*Recorded information:*
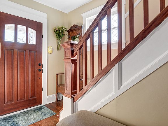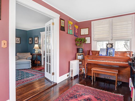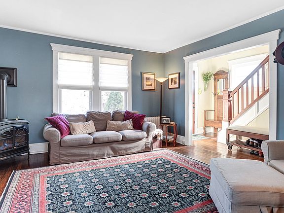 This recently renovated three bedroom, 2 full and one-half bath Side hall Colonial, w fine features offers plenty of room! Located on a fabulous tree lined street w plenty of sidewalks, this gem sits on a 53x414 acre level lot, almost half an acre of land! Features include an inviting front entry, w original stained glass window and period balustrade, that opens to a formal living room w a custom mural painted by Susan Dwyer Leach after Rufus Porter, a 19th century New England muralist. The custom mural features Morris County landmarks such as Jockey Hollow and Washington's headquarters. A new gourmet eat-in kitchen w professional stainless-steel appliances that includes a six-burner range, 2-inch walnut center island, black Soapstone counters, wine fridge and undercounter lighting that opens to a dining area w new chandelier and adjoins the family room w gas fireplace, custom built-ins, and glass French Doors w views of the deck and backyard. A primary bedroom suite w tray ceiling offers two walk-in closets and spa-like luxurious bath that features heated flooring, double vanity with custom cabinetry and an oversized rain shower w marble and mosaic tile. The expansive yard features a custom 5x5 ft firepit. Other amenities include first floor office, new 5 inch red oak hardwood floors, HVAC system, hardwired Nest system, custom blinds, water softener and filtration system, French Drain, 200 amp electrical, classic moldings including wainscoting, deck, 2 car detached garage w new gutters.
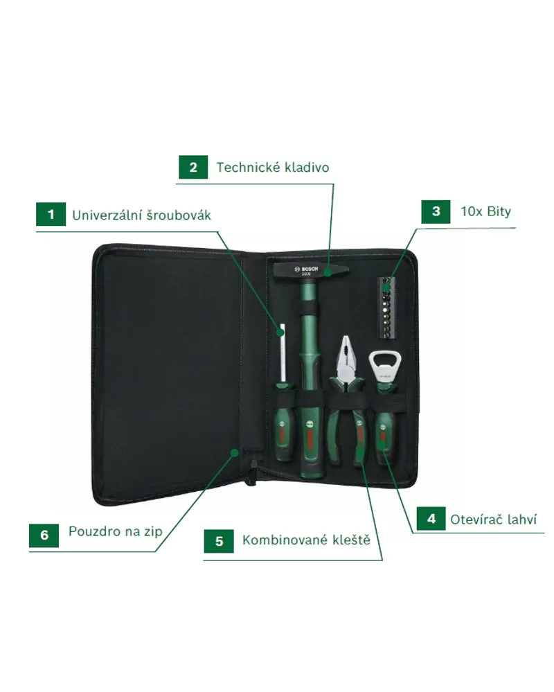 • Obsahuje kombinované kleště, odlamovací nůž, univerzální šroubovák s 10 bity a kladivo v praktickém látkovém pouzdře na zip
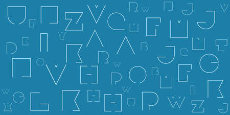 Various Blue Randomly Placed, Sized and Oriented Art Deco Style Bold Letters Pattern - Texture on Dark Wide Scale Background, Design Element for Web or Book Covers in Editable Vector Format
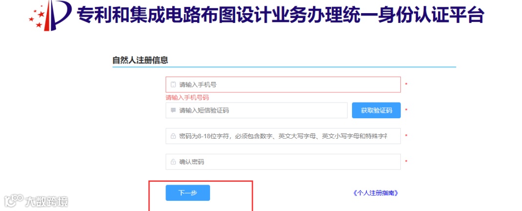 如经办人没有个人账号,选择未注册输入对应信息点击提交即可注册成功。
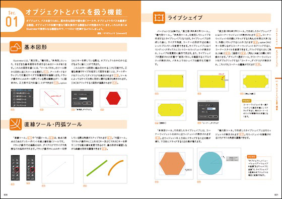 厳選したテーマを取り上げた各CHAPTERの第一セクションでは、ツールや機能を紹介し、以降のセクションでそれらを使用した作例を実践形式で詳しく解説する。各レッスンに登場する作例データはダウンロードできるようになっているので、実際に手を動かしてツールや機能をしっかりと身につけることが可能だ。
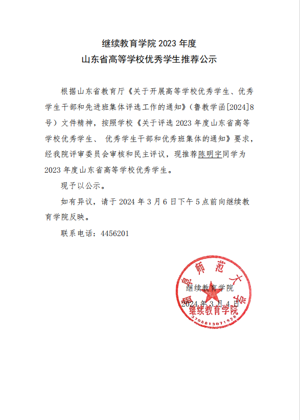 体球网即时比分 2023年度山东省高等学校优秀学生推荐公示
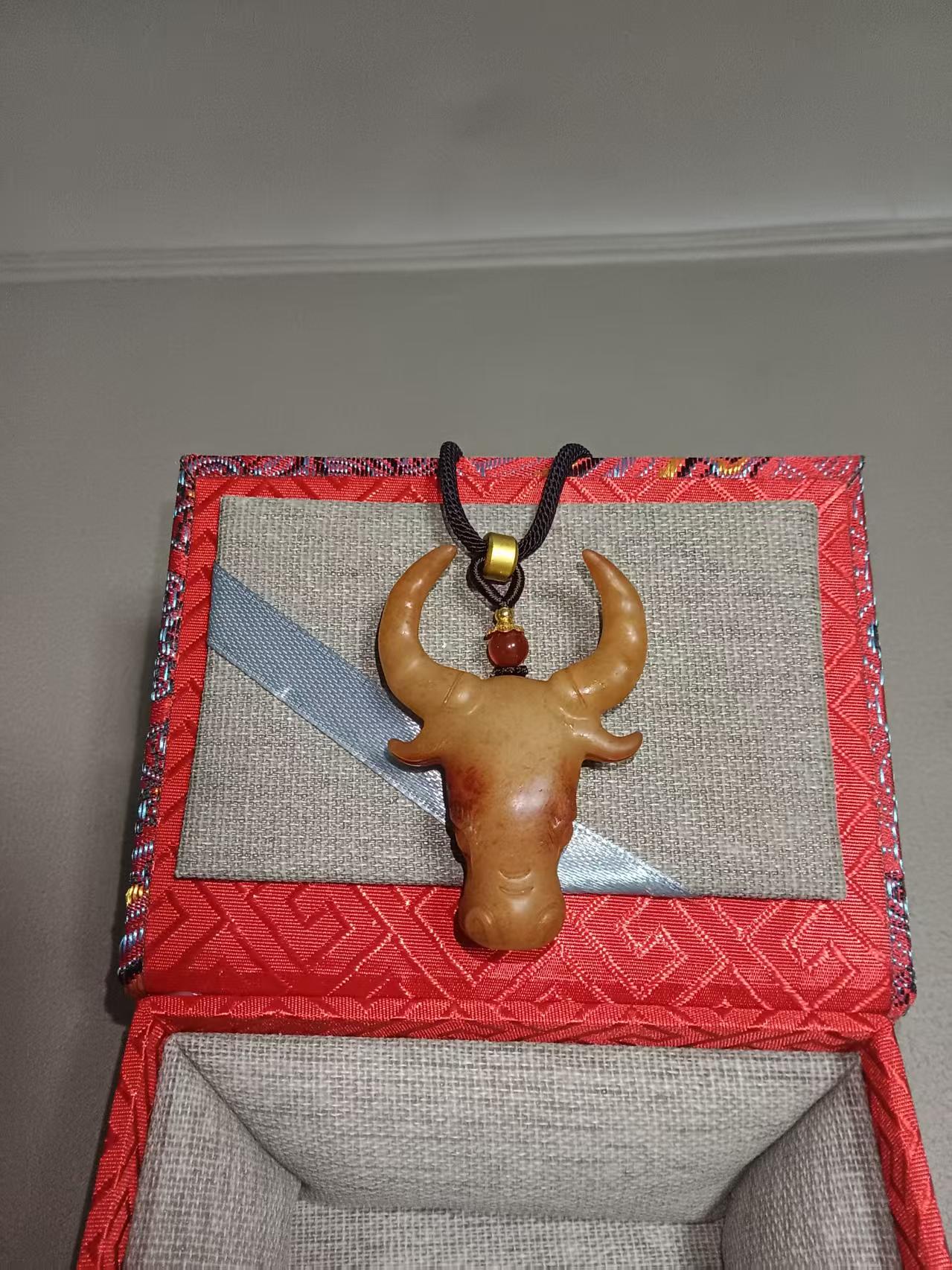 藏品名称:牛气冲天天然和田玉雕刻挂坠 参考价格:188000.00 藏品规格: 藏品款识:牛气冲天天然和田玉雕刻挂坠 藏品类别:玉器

---

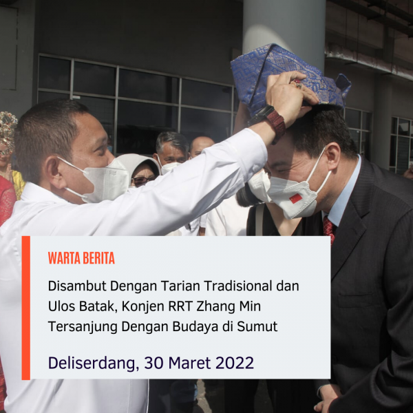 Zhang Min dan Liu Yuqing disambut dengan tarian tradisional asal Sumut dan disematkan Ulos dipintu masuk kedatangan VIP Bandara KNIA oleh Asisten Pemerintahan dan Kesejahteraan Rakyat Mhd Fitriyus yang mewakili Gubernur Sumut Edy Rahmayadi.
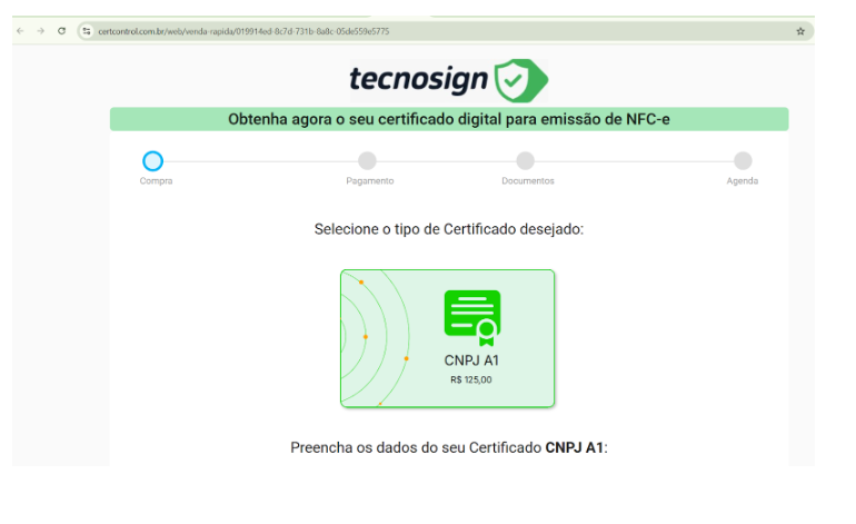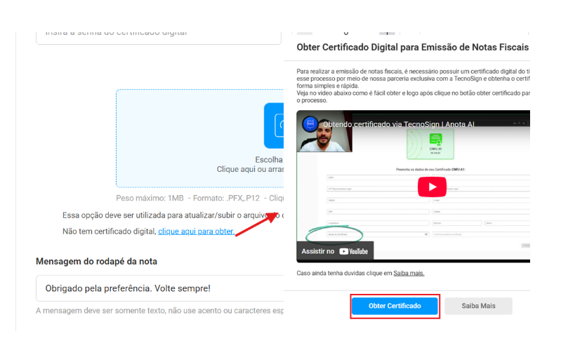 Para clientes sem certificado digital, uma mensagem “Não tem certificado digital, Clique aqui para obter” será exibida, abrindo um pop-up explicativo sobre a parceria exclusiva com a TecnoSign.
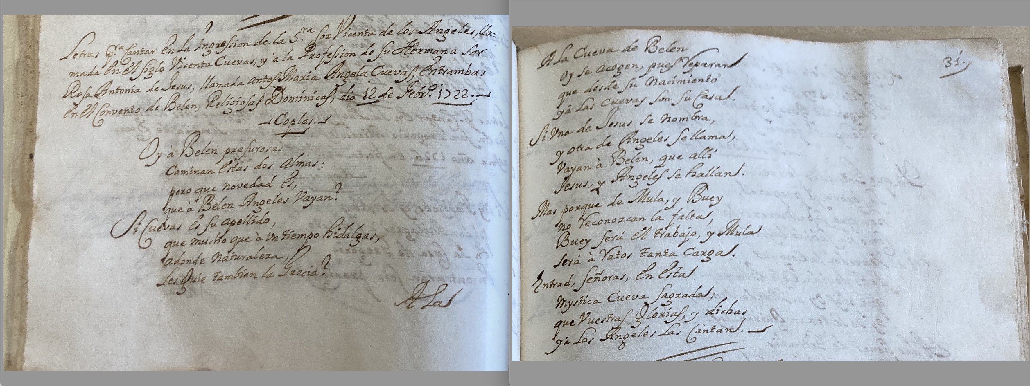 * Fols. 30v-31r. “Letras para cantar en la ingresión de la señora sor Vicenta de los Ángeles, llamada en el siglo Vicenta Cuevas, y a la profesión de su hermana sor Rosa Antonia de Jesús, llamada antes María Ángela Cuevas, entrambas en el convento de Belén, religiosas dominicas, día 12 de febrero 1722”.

---

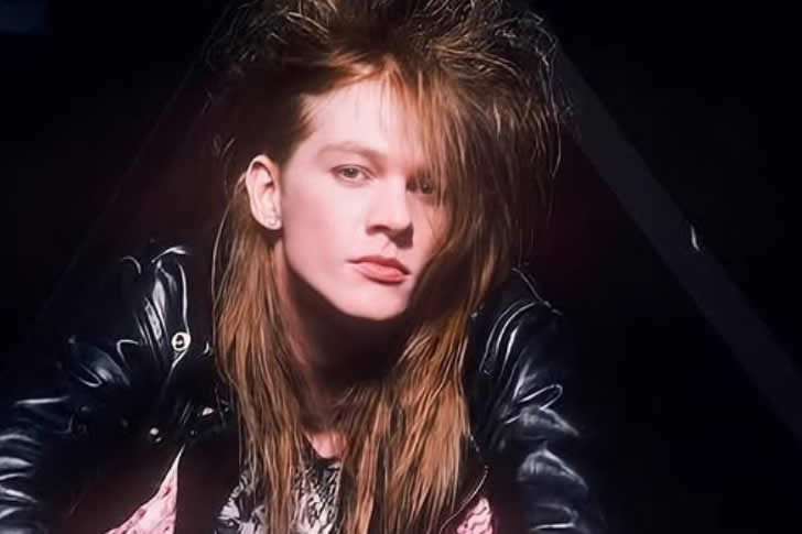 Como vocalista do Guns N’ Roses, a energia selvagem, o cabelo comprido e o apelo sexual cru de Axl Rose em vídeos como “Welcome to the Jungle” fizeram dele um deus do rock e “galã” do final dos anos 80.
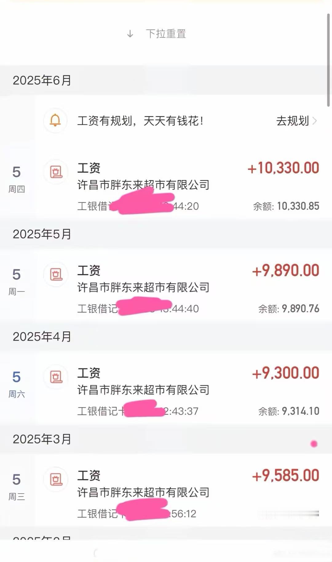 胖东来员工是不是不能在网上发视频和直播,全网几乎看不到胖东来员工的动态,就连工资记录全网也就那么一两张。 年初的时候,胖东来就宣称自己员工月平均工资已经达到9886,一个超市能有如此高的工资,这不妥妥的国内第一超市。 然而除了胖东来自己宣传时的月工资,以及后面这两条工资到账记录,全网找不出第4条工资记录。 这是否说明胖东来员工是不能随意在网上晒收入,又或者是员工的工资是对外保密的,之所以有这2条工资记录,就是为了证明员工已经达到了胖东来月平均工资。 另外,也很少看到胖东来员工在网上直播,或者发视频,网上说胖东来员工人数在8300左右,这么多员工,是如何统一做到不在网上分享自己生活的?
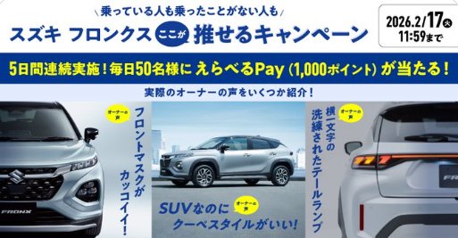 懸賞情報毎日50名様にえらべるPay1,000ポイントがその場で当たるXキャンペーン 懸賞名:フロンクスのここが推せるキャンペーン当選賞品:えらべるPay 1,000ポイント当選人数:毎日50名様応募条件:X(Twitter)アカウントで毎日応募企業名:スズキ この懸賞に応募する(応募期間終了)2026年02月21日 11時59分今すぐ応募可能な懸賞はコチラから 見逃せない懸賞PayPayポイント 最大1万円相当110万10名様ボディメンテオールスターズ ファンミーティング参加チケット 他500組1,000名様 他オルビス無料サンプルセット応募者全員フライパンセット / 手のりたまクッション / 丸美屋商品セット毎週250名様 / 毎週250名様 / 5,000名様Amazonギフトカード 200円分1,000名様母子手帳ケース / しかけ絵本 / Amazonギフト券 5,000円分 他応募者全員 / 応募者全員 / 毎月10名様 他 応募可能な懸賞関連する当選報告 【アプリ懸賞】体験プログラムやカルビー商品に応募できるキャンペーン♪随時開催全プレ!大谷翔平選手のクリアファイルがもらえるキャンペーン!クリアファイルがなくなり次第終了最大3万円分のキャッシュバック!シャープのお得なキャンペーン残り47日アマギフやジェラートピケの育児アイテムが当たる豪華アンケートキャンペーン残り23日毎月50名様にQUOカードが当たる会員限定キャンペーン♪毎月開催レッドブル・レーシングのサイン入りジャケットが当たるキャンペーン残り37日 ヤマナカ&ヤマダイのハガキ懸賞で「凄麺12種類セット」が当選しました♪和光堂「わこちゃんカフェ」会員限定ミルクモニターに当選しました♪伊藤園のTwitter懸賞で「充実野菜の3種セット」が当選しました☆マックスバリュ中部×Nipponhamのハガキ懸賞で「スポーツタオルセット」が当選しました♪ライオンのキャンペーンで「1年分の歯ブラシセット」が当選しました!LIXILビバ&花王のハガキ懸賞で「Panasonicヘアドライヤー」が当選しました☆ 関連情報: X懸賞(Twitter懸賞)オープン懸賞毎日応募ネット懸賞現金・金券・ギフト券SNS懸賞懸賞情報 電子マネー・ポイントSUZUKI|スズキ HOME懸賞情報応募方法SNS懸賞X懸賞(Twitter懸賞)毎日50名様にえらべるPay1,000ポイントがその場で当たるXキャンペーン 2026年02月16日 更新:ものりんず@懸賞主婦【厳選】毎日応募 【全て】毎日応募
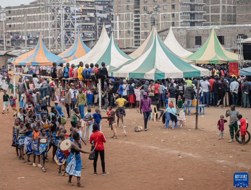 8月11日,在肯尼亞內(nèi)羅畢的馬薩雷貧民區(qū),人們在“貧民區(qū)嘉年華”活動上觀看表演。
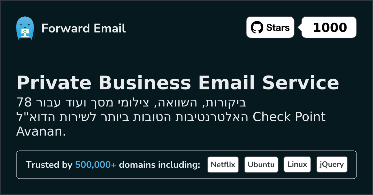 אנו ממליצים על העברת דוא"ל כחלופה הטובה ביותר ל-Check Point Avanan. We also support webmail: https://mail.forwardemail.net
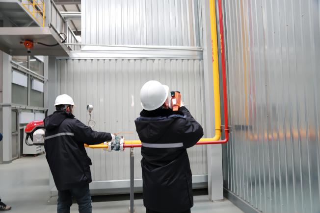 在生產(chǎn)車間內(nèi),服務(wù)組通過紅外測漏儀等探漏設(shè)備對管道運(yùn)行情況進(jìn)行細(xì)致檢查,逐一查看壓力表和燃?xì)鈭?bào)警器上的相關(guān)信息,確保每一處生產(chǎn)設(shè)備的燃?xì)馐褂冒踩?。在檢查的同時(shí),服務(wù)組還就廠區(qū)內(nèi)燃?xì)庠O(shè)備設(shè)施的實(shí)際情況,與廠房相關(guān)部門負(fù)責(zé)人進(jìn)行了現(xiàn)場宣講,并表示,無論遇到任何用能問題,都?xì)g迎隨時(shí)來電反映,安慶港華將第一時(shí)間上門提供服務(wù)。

*Task goal:*
Write out exactly the lines above between the one with "Various Blue Randomly" and the one with "藏品名称:牛气冲天天然和田玉雕刻挂坠 参考价格:188000.00 藏品规格: 藏品款识:牛气冲天天然和田玉雕刻挂坠", inclusive, with pictures left out.

*Written solution:*
 Various Blue Randomly Placed, Sized and Oriented Art Deco Style Bold Letters Pattern - Texture on Dark Wide Scale Background, Design Element for Web or Book Covers in Editable Vector Format
 如经办人没有个人账号,选择未注册输入对应信息点击提交即可注册成功。
 厳選したテーマを取り上げた各CHAPTERの第一セクションでは、ツールや機能を紹介し、以降のセクションでそれらを使用した作例を実践形式で詳しく解説する。各レッスンに登場する作例データはダウンロードできるようになっているので、実際に手を動かしてツールや機能をしっかりと身につけることが可能だ。
 体球网即时比分 2023年度山东省高等学校优秀学生推荐公示
 藏品名称:牛气冲天天然和田玉雕刻挂坠 参考价格:188000.00 藏品规格: 藏品款识:牛气冲天天然和田玉雕刻挂坠 藏品类别:玉器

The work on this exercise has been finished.